TEPCO: Fukushima Was Much, Much Worse Than We Said

TEPCO's new appraisal of the Fukushima No. 3 reactor building shows that all – or nearly all – of the fuel rods contained inside melted onto the floor of the containment vessel.
TEPCO: Fukushima Was Much, Much Worse Than We Said

Remember my joke about "the cat's on the roof"? TEPCO and the Japanese government were so obviously lying, I couldn't believe I was accused of "fearmongering":

The meltdown at the Fukushima Daiichi nuclear power plant’s third reactor building was even worse than initially believed, Tokyo Electric Power Co. (TEPCO) has announced.

In fact, the power company’s new appraisal of the Fukushima No. 3 reactor building shows that all – or nearly all – of the fuel rods contained inside were melted, dropping onto the floor of the containment vessel. If true, the news means the power plant could be even tougher to decommission.

According to the Japan Times, TEPCO first estimated back in November of 2011 that roughly 63 percent of the reactor’s fuel rods had melted.

But TEPCO now believes that after studying conditions surrounding the fuel core, the reactor’s cooling system stopped functioning more than five hours earlier than previously estimated. As a result, the meltdown would have started around that same time period.

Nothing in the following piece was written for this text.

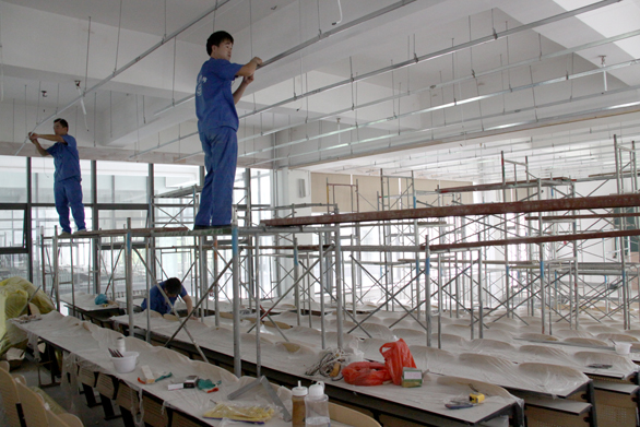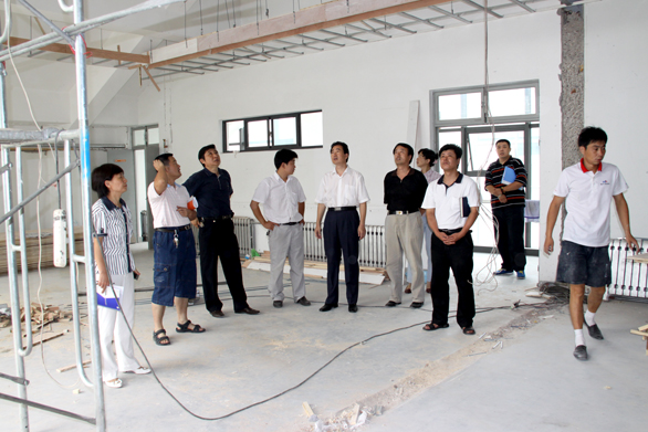 为进一步落实学校学习实践科学发展观活动整改方案,落实院长办公会决议责任工作,保证暑期相关项目按时完成,8月5日上午,副院长刁在祥,院长助理、办公室主任王立果亲临长清校区施工现场检查指导工作,代表于茂阳书记、潘鲁生院长对施工现场工作人员进行慰问,并对工作提出具体要求,倡导暑期加班人员以实际行动落实中组部下发的《关于开展向吴大观同志学习活动的通知》和学校党委下发的《关于认真开展向吴大观同志学习活动的通知》文件精神。 副院长刁在祥,院长助理、办公室主任王立果视察了合堂教室、会议室改造施工现场,并对施工细节提出了要求。 视察结束后,副院长刁在祥,院长助理、办公室主任王立果组织相关部门同志在行政会议室召开了工作会议。院长助理、办公室主任王立果主持会议。 会议先后听取了后勤管理处副处长毕建翎、资产管理处处长郭春荣以及相关具体项目负责同志关于工作进展情况以及下一阶段工作计划的汇报,并对施工过程中存在的困难和亟待解决的问题进行了研究。 副院长刁在祥讲话。他代表于茂阳书记、潘鲁生院长对暑期坚持工作的相关部门人员表示感谢和慰问,指出,学校相关部门人员认真落实党委学习实践科学发展观整改方案、院长办公会决议要求,利用暑期开展工作,取得了显著成效,为学校科学发展做出了贡献。刁在祥要求,有关人员以实际行动落实中组部下发的《关于开展向吴大观同志学习活动的通知》和学校党委下发的《关于认真开展向吴大观同志学习活动的通知》文件精神,继续发扬良好的传统和精神做好接下来的各项工作任务。副院长刁在祥对下一阶段的工作提出了具体要求:一、进一步提高思想认识;二、进一步明确工作目标;三、进一步改善工作方法;四、进一步加强沟通、协调和配合;五、进一步振奋精神,加倍努力工作;六、进一步提高工作效率。 院长助理、办公室主任王立果作总结讲话,指出,学校相关部门人员牺牲假期休息时间,严格按照党委学习实践科学发展观整改方案、院长办公会决议要求,在时间紧、任务重、困难多的情况下,敬业工作,前期工作成效显著。王立果强调,后期工作任务艰巨,相关部门同志要继续发挥能战斗、打硬仗、快速工作的精神和作风,保质保量的完成各项工作任务。 后勤管理处副处长毕建翎,后勤党总支副书记杨尚志,后勤管理处副处长丁鲁,资产管理处处长郭春荣及后勤管理处、资产管理处有关人员参加会议。
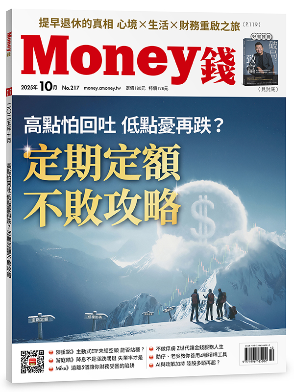 產品目錄 News010 情報站Column財經透視 呂忠達016 美降息 科技股與新興市場迎利多艾蜜莉存股術 艾蜜莉017 高息ETF遲未填息 該擔心嗎?30+財富成熟之道 葉芷娟018 定期定額報酬減半 早進場仍翻倍富人的人類學觀察 金融人類學徒019 富人式槓桿心態 放大耐心與收穫股市求生筆記 狄驤020 市場總是懲罰躁動和貪婪者現金流俱樂部 清流君021 主動式ETF短期勝 長期必敗數位經濟 李佳憲022 企業囤幣是手握寶庫或泡沫?秦老闆商學院 秦嗣林023 尊重領頭羊 團結力量才大 Trend邦妮區塊鏈 邦妮024 美股上鏈讓全天候交易變可能總經雷達 游庭皓026 降息不是漲跌關鍵 失業率才是美股觀察 美股航海王028 美股開趴狂飆 9月魔咒失效?032 Cover Story 封面故事高點怕回吐 低點憂再跌?定期定額不敗攻略案例篇:3真實案例揭示成敗分水嶺 無情者才能笑到最後高檔篇:定期定額一軍市場 停利不停扣最安心低檔篇:低檔才是勝負關鍵 加碼靠資金與勇氣Comic聰聰存股教室045 金管會出手,高股息ETF不香了嗎?Invest美股第一線 簡憶茹046 美國休閒牛排館雙雄大比拚美股焦點048 甲骨文千億訂單增添營收動能051 博通打入AI核心供應鏈市場脈動054 AI與政策加持 陸股多頭再起?台股教戰056 AI多頭延續 逢回分批布局產業透視鏡 韭菜叔叔060 光收發模組供應鏈迎來爆發老龔投資Club062 先進封裝AOI檢測商機俏投資攻略064 先進製程點火 3材料廠進補067 蘋果享關稅豁免 台供應鏈受益愛存股 溫正中070 3檔AI資服股 營收獲利雙成長 Learning卡爾先生聊投資 卡爾先生072 投資長勝=掌握週期+逆人性恩如簡單說 林恩如074 掌握2條線 擺脫「賣飛」宿命技術分析輕鬆學 朱家泓076 技術面選股必要6條件走圖天后教室 林穎080 圓弧底確認 股價可望漲逾20%投資學堂084 善用4槓桿工具加速致富FundJet Lee的投資隨筆 Jet Lee088 別太期望主動式ETF長期績效不敗存股術 陳重銘090 主動式ETF未經空頭 能否站穩?股息流觀察室 威利財經角092 股息ATM吐鈔變少 3招因應ETF研究室 張遠094 15檔陸港股ETF怎麼選?ETF筆記096 中國科技ETF單月漲逾2成20 Best099 20檔Best基金報酬亮眼、績效穩基金快易通 蕭碧燕100 省成本不等於高報酬 TISA級別基金只是選項之一理柏透視 馮志源102 科技產業+新型消費加持陸港股牛氣衝天Money理財會客室 林奇芬104 勞保潛藏負債大增 存退休金不能等退休講堂 王儷玲105 TISA結合AI智能 退休理財更省心富媽媽的幸福退休課 十方106 學會「不孝」才能財務自由聰明小資理財術 李勛108 理財小白第1張信用卡這樣辦人生轉運站 30節約男子110 存到一桶金 該買房還是投資?Z世代金錢學 貝殼小姐112 不做俘虜 Z世代讓金錢服務人生發燒話題114 詹璇依靠基金翻轉30K人生 贏家學堂116 遠離5個讓你財務受困的陷阱119 Report 特別企劃提早退休的真相 心境×生活×財務重啟之旅案例篇:早退學長姊的告白 你的退休由你來定義!建議篇:15個「早退」行動指南Family保險天地128 香港分紅保單值得買嗎?勞健保須知130 掌握3關鍵 勞保年金月領3萬法律常識132 熟齡勞工如何避免職場剝削?稅務新知134 買賣預售屋可申請重購退稅?房市掃描136 新青安鬆綁 房市能起死回生?

As reported by the Yomiuri Shimbun, it is possible that with more nuclear fuel resting in the containment vessel than originally estimated, removing it will require even more careful planning.

“As the core meltdown is now believed to have started earlier than was previously thought, the amount of melted nuclear fuel that passed into the containment vessel through the pressure vessel is considered to have been greater, making it technically more difficult to extract the melted fuel and dispose of it,” the newspaper stated.

Despite the new findings, however, TEPCO spokesman Shinichi Kawamura said the company is still hoping to find some fuel that had not melted down.

“We think some fuel still remains at the core part based on the actual plant data,” he said, as quoted by the Japan Times.